Exercise data
----

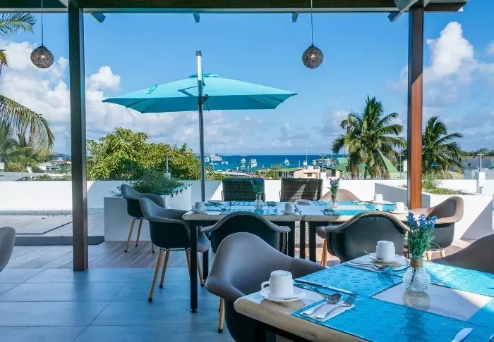 Hotellets restaurant, La Terraza, er beliggende på hotellets tagetage, med en skøn udsigt ned til den hyggelige havn og den omkringliggende natur. Her nydes din inkluderede morgenmad i den friske morgenbrise. På udvalgte dage er det også muligt at spise aftensmad heroppe.
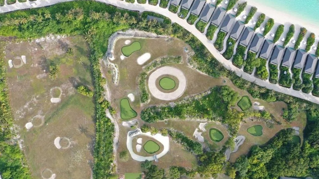 One of my “Haven’t Seen Yet” piece was a golf hole hitting over the water from one island to another (Haven’t Seen Yet #11 – Maldives Complete Blog, item #16). The signature hole of Jawakara’s executive course is an island green, but instead of it being from one island to another, it is on island within another.
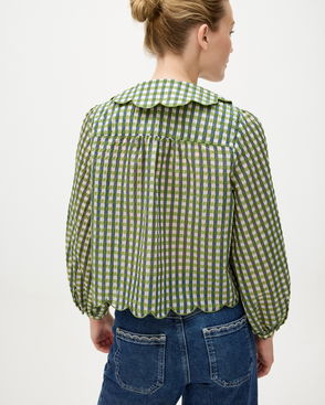 Red Gingham Shirred Puff Sleeve Collared Blouse

----

What is expected
Exact reproduction is required for the lines from the one containing "island within another." through the end of the material, and for those lines only, without pictures.

Solution to this problem
 One of my “Haven’t Seen Yet” piece was a golf hole hitting over the water from one island to another (Haven’t Seen Yet #11 – Maldives Complete Blog, item #16). The signature hole of Jawakara’s executive course is an island green, but instead of it being from one island to another, it is on island within another.
 Red Gingham Shirred Puff Sleeve Collared Blouse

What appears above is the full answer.